## What the task requires
Beginning with the line that contains "هاي كورة- أعلن", transcribe the rest of the listing below exactly, including its last line, and exclude any pictures.
(Data provided begins)
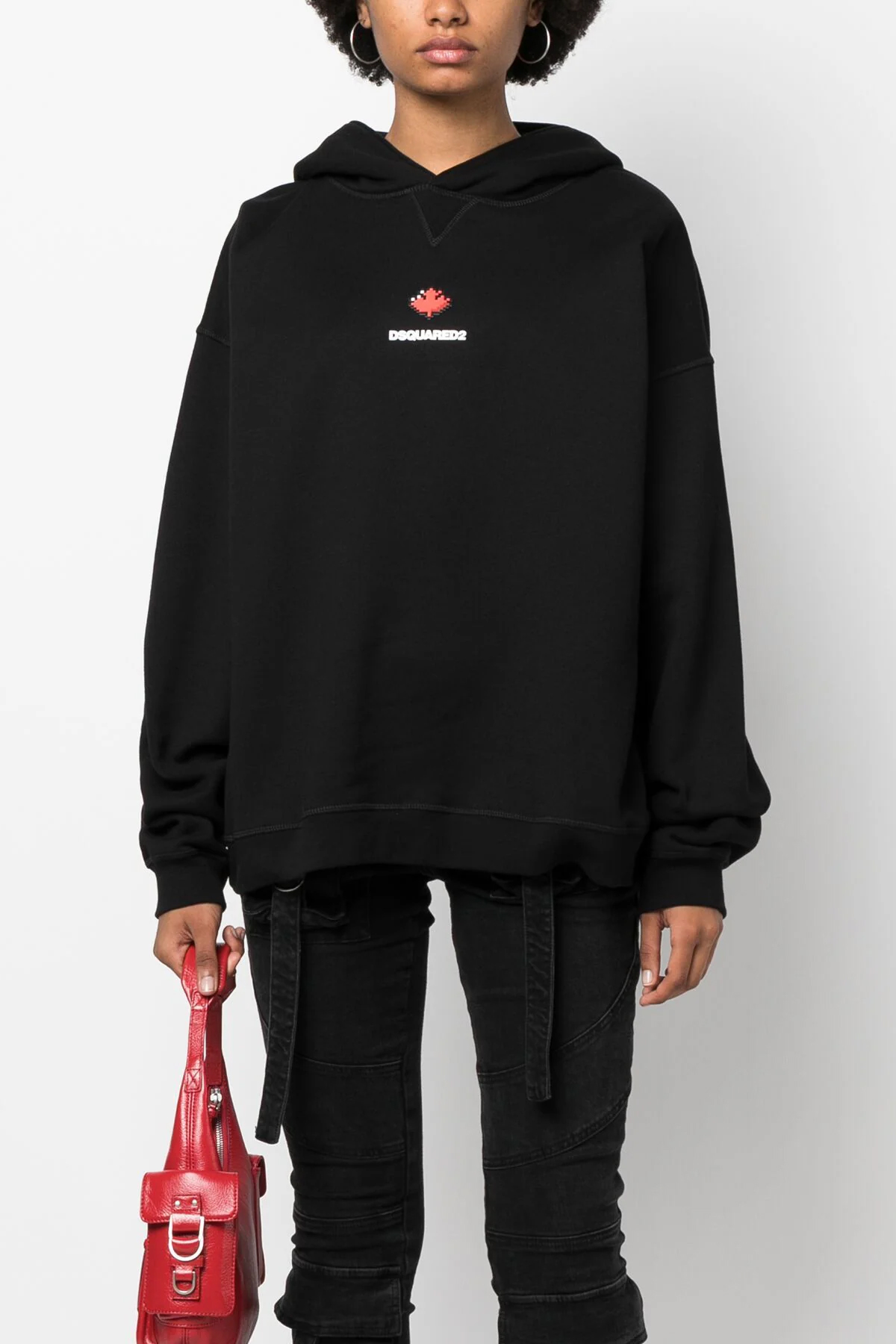Herca' cotton hoodie with front print, long cuffed sleeves.
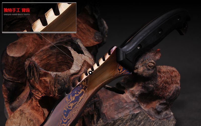 做工:手工锻打三层扭转纹,一体刀胚非常结实。
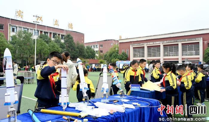 开幕式后,遍布校园的展示区成为师生与家长的“打卡地”。党建广场上,南充科技馆打造的科普实验集市热闹非凡,8至10个科普摊位前,造纸术、蚕丝扇制作、扎染、水火箭制作等互动实验吸引了大批学生参与,科普知识问答环节更是气氛热烈。
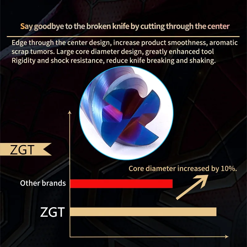 Торцевая фреза ZGT HRC65, 4 канавки 4 мм 5 мм 6 мм 8 мм 10 мм, металлический резак, карбидная фреза из сплава, Вольфрамовая сталь, фреза
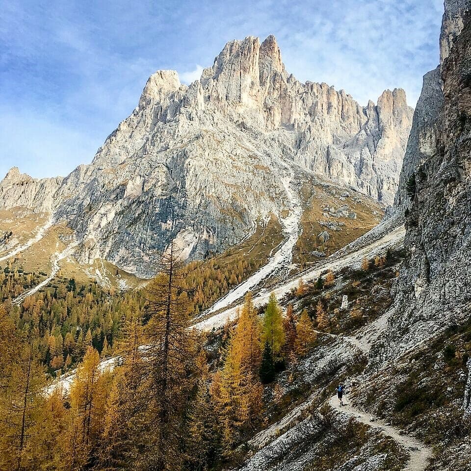We only lamented the fact the alpine refugios, or hütte in German, we passed from time to time were already closed for the season. Often improbably placed, perched on a cliff edge or tucked into a narrow mountain pass, these establishments offer welcome sustenance to weary hikers or runners. As I chomped on an energy bar pulled from my vest, I marvelled at the wonderful outlook from the Plattkofel hütte and consoled myself that next June I’d be sitting here with my group, drinking freshly brewed cappuccinos served with homemade tart!
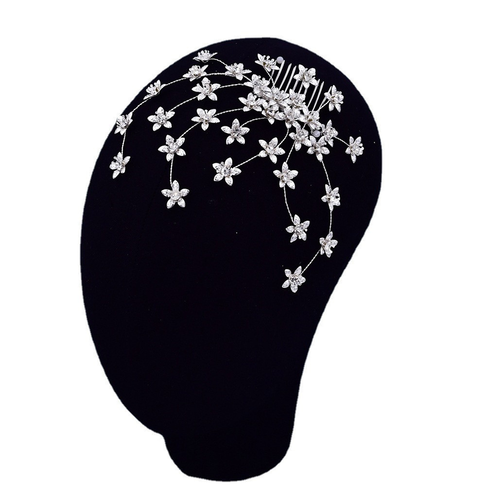 Style:Female styleModeling:waveTreatment technology:Pure handmadeCrystal type:White crystalColor:Silver Hair Comb HP502
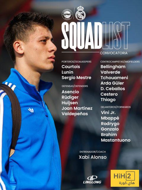 هاي كورة- أعلن تشابي ألونسو مدرب فريق ريال مدريد عن قائمة الفريق لمواجهة ديبورتيفو ألافيس غدا الأحد، في الجولة الـ16 من مسابقة الدوري الاسباني، وشهدت القائمة وجود كيليان مبابي بعد شكوك حول مشاركته.
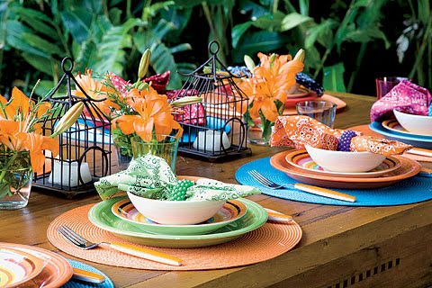 Fica lindo né! Uma vez ví uma toalha de mesa feita de bandanas coloridas... Ficou um charme! E essas gaiolinhas de centro de mesa! Adorei..Um beijo, Naara.http://falandoemsonhos.blogspot.com
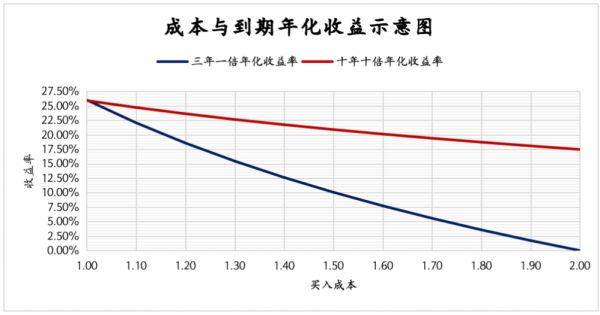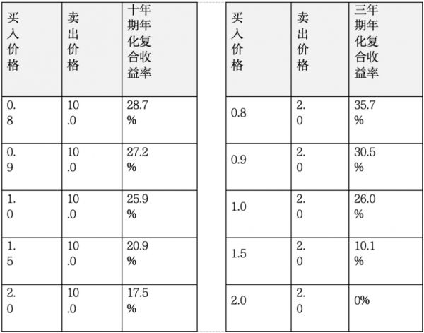 就动态估值来说,投资的圣杯是宁可贵一点也要买最好的公司。对此,东方马拉松团队有一个原创性的数学原理证明:以一只“十年十倍”股和一只“三年一倍”股的买入成本与年化收益为例(如图2),如果都以成本1买入,两者的到期年复合收益率分别为25.9%与26.0%,收益率基本一致。但当二者均以高于成本价格买入时,投资结果却大为不同。
(Data provided ends)
## Expected answer
 هاي كورة- أعلن تشابي ألونسو مدرب فريق ريال مدريد عن قائمة الفريق لمواجهة ديبورتيفو ألافيس غدا الأحد، في الجولة الـ16 من مسابقة الدوري الاسباني، وشهدت القائمة وجود كيليان مبابي بعد شكوك حول مشاركته.
 Fica lindo né! Uma vez ví uma toalha de mesa feita de bandanas coloridas... Ficou um charme! E essas gaiolinhas de centro de mesa! Adorei..Um beijo, Naara.http://falandoemsonhos.blogspot.com
 就动态估值来说,投资的圣杯是宁可贵一点也要买最好的公司。对此,东方马拉松团队有一个原创性的数学原理证明:以一只“十年十倍”股和一只“三年一倍”股的买入成本与年化收益为例(如图2),如果都以成本1买入,两者的到期年复合收益率分别为25.9%与26.0%,收益率基本一致。但当二者均以高于成本价格买入时,投资结果却大为不同。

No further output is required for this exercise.